- [What the task requires]:
For each line of the listing that holds "durch", show the full line.

---------- Input data ----------

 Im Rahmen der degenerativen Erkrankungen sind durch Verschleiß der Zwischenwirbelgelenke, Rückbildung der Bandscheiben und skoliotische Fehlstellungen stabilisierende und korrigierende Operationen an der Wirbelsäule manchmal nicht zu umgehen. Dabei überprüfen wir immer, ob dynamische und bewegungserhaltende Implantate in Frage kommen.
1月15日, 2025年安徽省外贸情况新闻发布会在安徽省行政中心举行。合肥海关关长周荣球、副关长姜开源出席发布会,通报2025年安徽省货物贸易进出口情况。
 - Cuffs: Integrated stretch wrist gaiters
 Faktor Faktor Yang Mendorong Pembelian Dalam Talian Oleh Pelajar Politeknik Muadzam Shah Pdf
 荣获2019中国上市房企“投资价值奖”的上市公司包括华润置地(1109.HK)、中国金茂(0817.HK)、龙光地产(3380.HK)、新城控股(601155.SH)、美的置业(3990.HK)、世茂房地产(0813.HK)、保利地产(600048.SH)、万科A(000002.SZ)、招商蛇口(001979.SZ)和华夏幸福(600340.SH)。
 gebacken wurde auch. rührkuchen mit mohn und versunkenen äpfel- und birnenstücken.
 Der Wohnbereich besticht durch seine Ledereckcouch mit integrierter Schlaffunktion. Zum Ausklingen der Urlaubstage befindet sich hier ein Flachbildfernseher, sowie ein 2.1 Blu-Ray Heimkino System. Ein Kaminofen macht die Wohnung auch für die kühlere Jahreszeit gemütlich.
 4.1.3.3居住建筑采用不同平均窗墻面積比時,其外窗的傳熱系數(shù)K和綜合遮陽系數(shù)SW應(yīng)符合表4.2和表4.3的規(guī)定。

----------

- [Output for this task]:
 Im Rahmen der degenerativen Erkrankungen sind durch Verschleiß der Zwischenwirbelgelenke, Rückbildung der Bandscheiben und skoliotische Fehlstellungen stabilisierende und korrigierende Operationen an der Wirbelsäule manchmal nicht zu umgehen. Dabei überprüfen wir immer, ob dynamische und bewegungserhaltende Implantate in Frage kommen.
 Der Wohnbereich besticht durch seine Ledereckcouch mit integrierter Schlaffunktion. Zum Ausklingen der Urlaubstage befindet sich hier ein Flachbildfernseher, sowie ein 2.1 Blu-Ray Heimkino System. Ein Kaminofen macht die Wohnung auch für die kühlere Jahreszeit gemütlich.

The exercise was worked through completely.